As large companies continue to extend payment terms, find out how US Capital Partners is structuring and providing optimal financing for smaller businesses in need of working capital.

Access to liquidity can make the difference between simply enduring a sluggish recovery and taking full advantage of attractive opportunities for growth. Increasingly, larger companies, especially in the consumer goods industry, have been lengthening supplier payment terms significantly—sometimes to as long as 120 days or even longer. While this obviously improves cash flow at the buying company, it puts significant financial strain on smaller suppliers, making it difficult for them to meet operational needs or invest in their own growth.

Smaller Businesses Struggle with Fluctuating Cash Flow

Cash-flow forecasting remains as difficult as ever for small to lower middle market suppliers. Not getting paid on time by clients and customers is one of the biggest challenges these companies face when managing their cash flow. According to a recent survey by Pepperdine University, as many as one in three companies (34%) has reported an increase in the time it takes to collect receivables compared to twelve months earlier.

Getting the Working Capital Your Business Needs

This strategy of delaying payments to suppliers began in the recession and has worsened in recent years. It places enormous stress on smaller businesses, which often don’t have the bargaining power to address the problem. The good news is that these businesses actually have more financing options available to them than ever before to help them mitigate prolonged collection periods. US Capital Partners specializes in providing intelligently structured financing—either cash-flow term loans, asset-based lines of credit, or both—to provide help quickly for businesses in this situation.

How US Capital Partners Has Helped Clients

Recently, for instance, US Capital Partners structured and provided a $2 million accounts receivable line of credit for Tandon Digital, which develops and manufactures high-performance flash and other memory storage products under the brand name Monster Digital®. US Capital Partners similarly provided a $1.5 million accounts receivable line of credit scalable to $5 million for Hans Drake International, a leading producer and distributor of nutritional products for enhanced workout performance and weight loss.

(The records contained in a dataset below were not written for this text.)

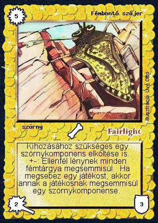 Kiadás: Alappakli, 1. kiadás, Alappakli, 2. kiadás, Alappakli, 3. kiadás Gyakoriság: ritka Lapszín (isten): Fairlight Típus: szörny Szöveg: Kihozásához szükséges egy szörnykomponens elköltése is. +-: Ellenfél lénynek minden fémtárgya megsemmisül. Ha megsebez egy játékost, akkor annak a játékosnak megsemmisül egy szörnykomponense. Illusztráció: Úvé Ottó
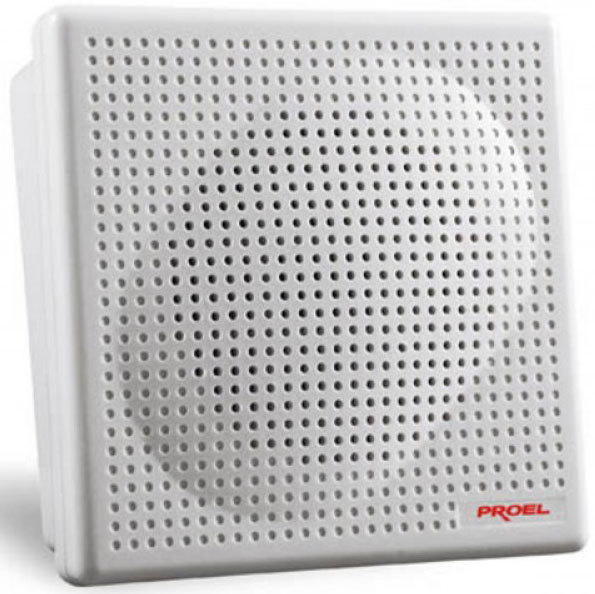 Proel PA WS01 настенный громкоговоритель, водонепроницаемый, квадратной формы, с пылезащитной решёткой защиты и встроенным трансформатором для работы на 100В. Драйвер 3", 3/1.5 Вт, 100В, 110 Гц - 13 кГц, 170º / 150º, корпус ABS пластик, цвет белый, IP55.
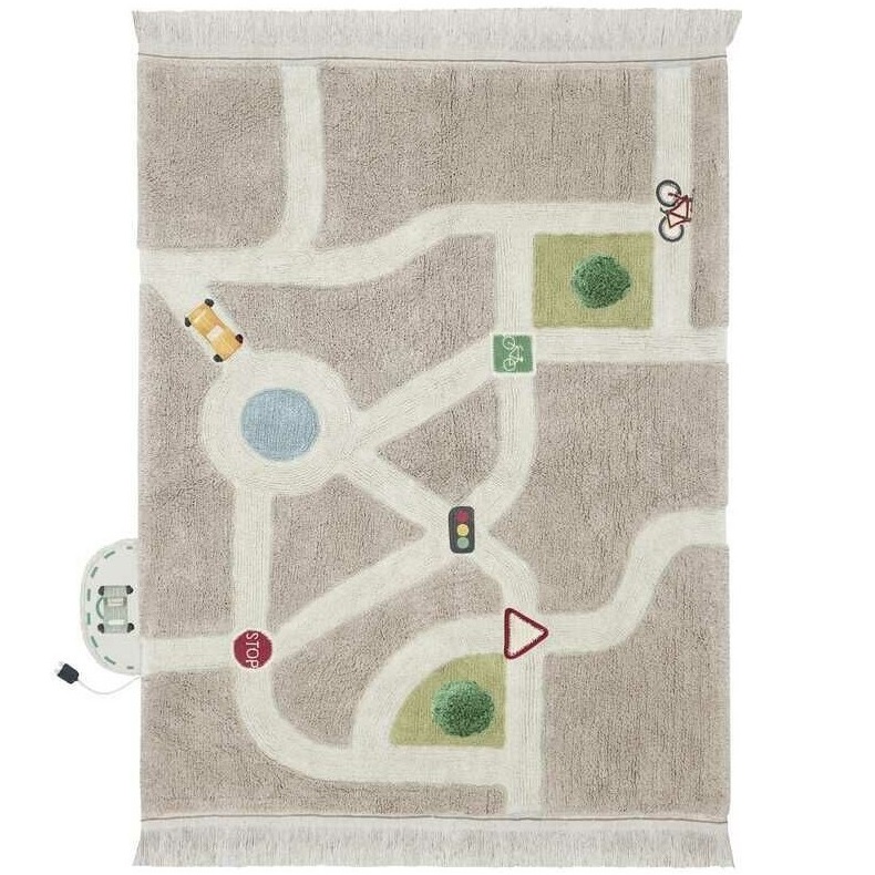 Czas na zabawę w Eco-City! To miejsce, w którym dzieci uczą się przez zabawę, gdzie pojazdy elektryczne są czyste i ciche –  dobre dla środowiska. Nasz bestseller Dywan Mapa Miasta teraz dostępny w większym rozmiarze, wykonany z miękkiej bawełny dywan jest dostarczany z torbą pełną zabawnych akcesoriów do zaprojektowania własnego miasta. Głównym kolorem jest kamienny beż, a dywan przedstawia wzór ulic w kolorze naturalnym, fontannę w kolorze Aqua blue i parki w delikatnym kolorze oliwkowym. Dywan jest wykończony krótkimi frędzlami i zawiera rzemieślniczo wykonane bawełniane samochody, drzewa, znaki drogowe i miejsce do ładowania samochodów elektrycznych.
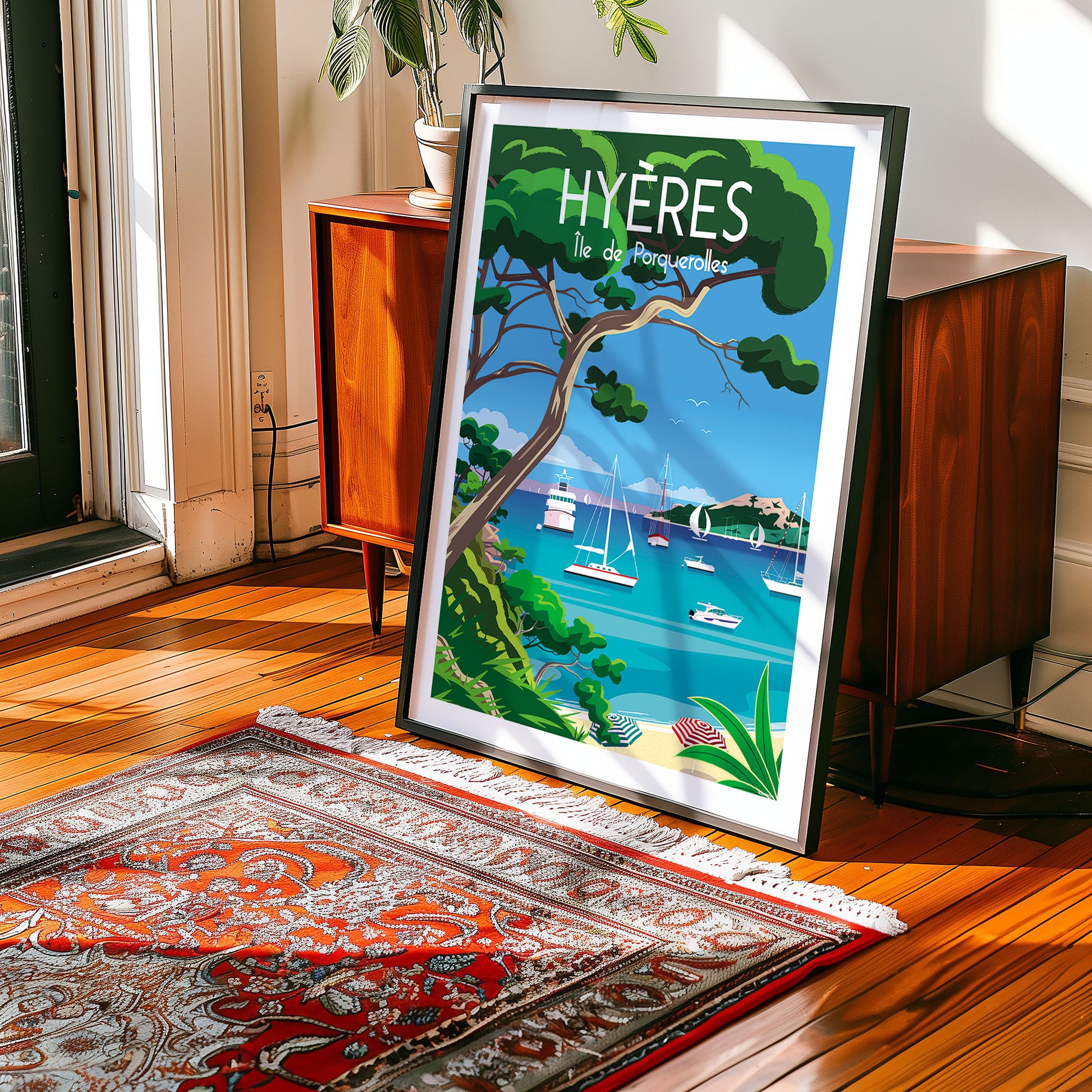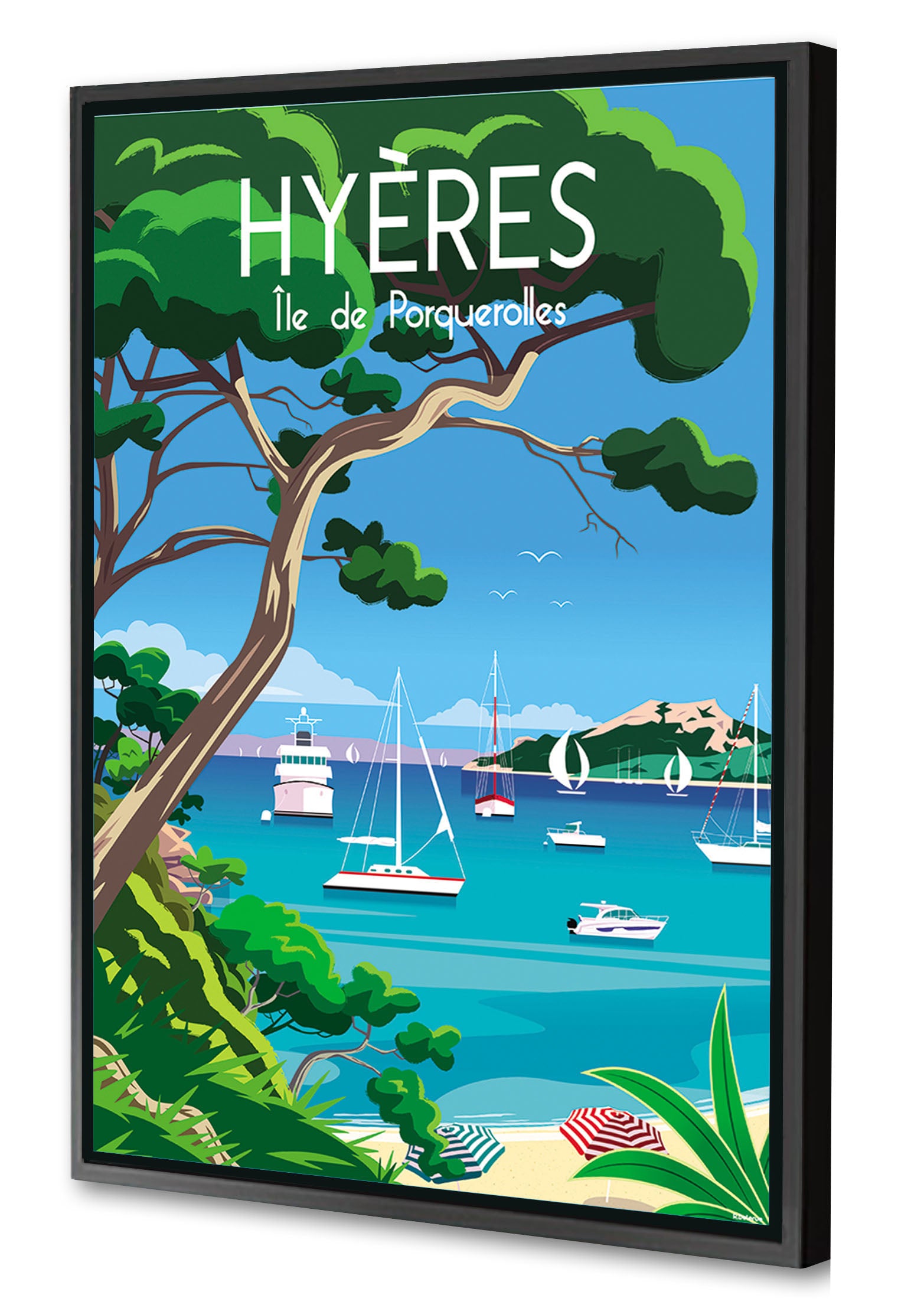 Raphaël Delerue is an illustrator based in Normandy. Trained at the Saint-Luc School in Tournai and ERG in Brussels, he works in advertising, publishing, press, and web. He is known for his retro-style travel posters inspired by the 1950s and 60s. His work combines clean lines, vibrant colors, and regional French landscapes. He also collaborates with publishers such as Hachette and Ouest-France.
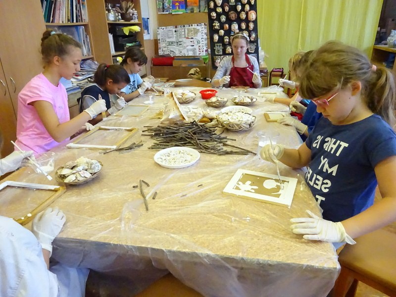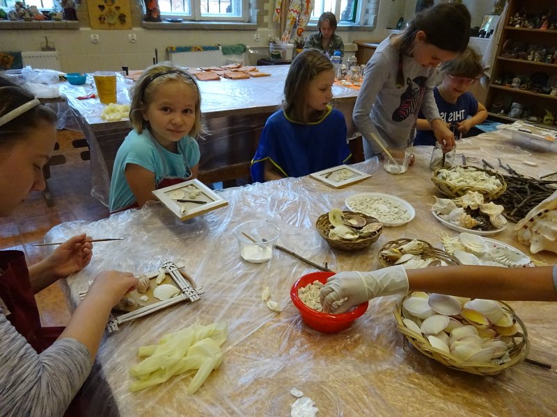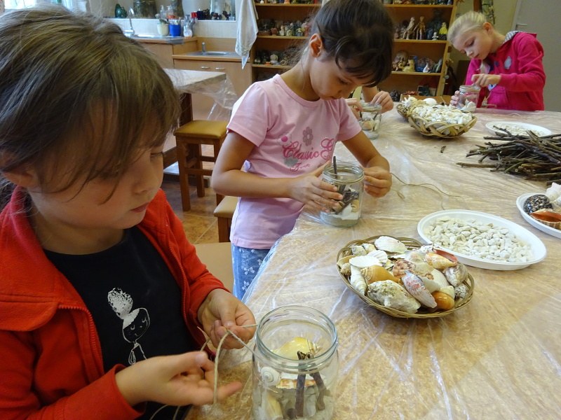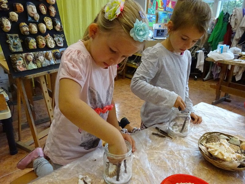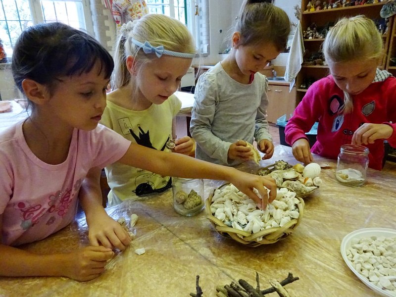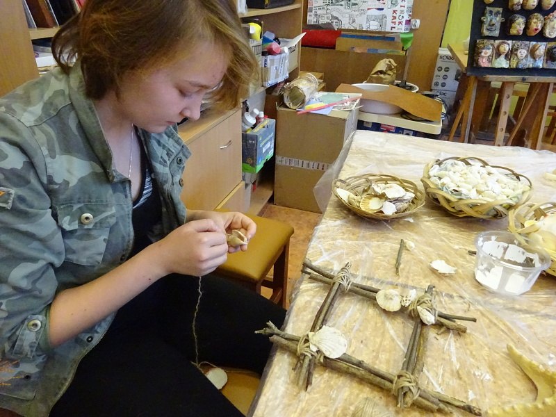 Pracownia Tańca Etnicznego pod kierunkiem p.Justyny Kozłowskiej podczas pierwszych w tym roku szkolnym Etnicznych Warsztatów Twórczych jak zawsze tworzyła i przenosiła się w wyobraźni do innych miejsc na świecie. Dziewczęta wspominały wakacje, podróże, a przede wszystkim wspólny warsztatowy wyjazd do Cieszyna i występ pod palmami w Połczynie Zdroju. Na stole pojawiły się różne okazy muszli, rozgwiazdy, a także suche gałązki roślin, kamyki i piasek. To właśnie z tych elementów tancerki wykonały przepiękne ozdoby i dekoracje. Wystawę prac zobaczymy podczas planowanego na styczeń taneczno -muzycznego widowiska.
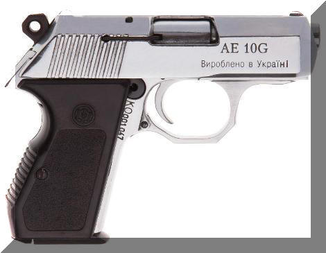 Пистолет производства "Шмайсера" – "АЕ 10G" под резиновую пулю, и газовый пистолет ПГШ 10 Миниатюрный травматический пистолет «Шмайсер АЕ10G» создан с нуля конструкторами совместного украино-германского предприятия «ШМАЙСЕР». Над новым детищем сотрудники СП «Шмайсер» работали более года. В разработке пистолета принял участие конструктор боевого стрелкового оружия Виктор Леонидович Шевченко и конструктор Валерий Яковлевич Кузьмин.
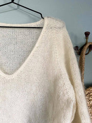 Yarn kit for Cumulus sweater by Petiteknit in Önling No 10 silk mohair, a delicate and elegant sweater knitted in luxurious silk mohair yarn. Cumulus is the name of a type of cloud, and this sweater is just light as a cloud.
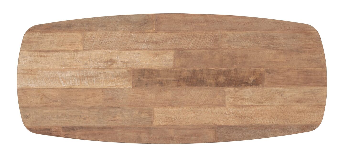 Het schuin afgewerkte tafelblad van eettafel Soho is gemaakt van gerecycled teakhout. Dit prachtige blad met afgeronde hoeken zorgt er, in combinatie met het moderne zwartstalen onderstel, voor dat de eettafel een vriendelijke en strakke uitstraling heeft. Eettafel Soho heeft een afmeting 76x260x110 cm en is ook verkrijgbaar in 210 cm.
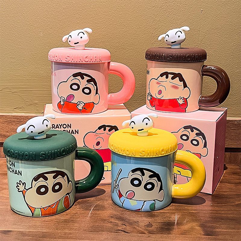 蜡笔小新马克杯女生高颜值带盖生日礼物咖啡杯子家用情侣陶瓷水杯
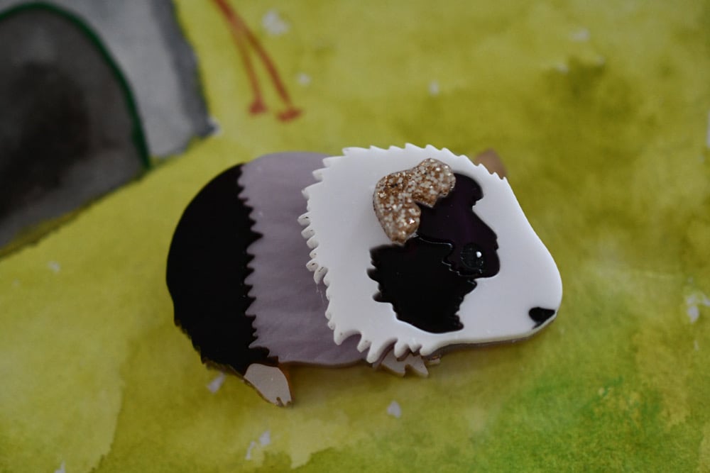 SECONDS- Guinea pig brooch - purple gold
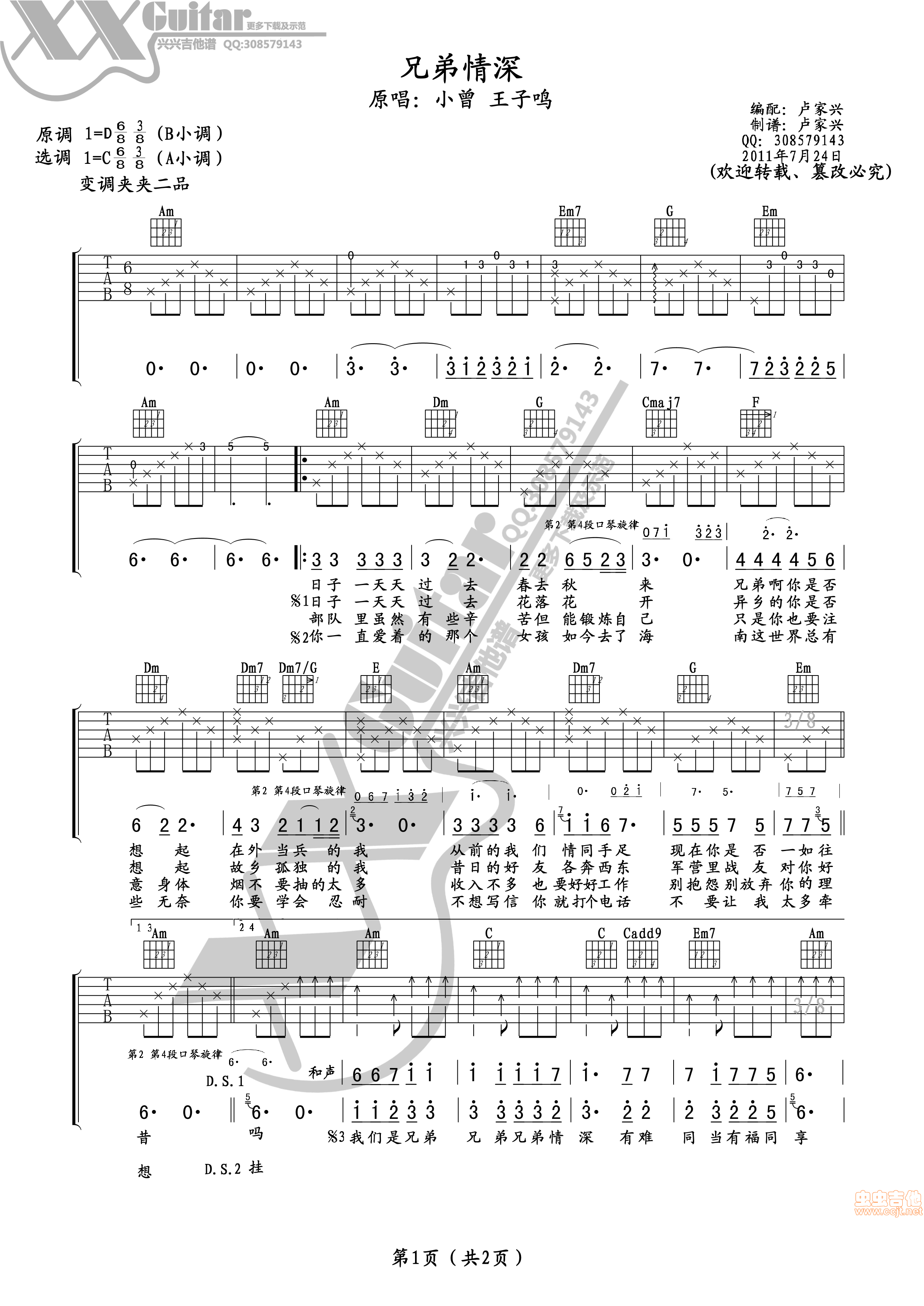 卢家兴 兄弟情深吉他谱 - 卢家兴 - 吉他弹唱谱
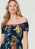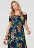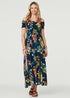 Izabel London Navy Floral Bardot Side Split Maxi Dress

“We are extremely pleased with this intelligently structured, scalable financing, which was designed specifically to support our business growth,” said David R. Garcia, President and CEO at Hans Drake International. “Recently, there has been a strong increase in demand for our quality product lines from new domestic and international retailers and distributors. This new credit facility will provide the additional working capital we need to increase our inventory and fulfill new orders.”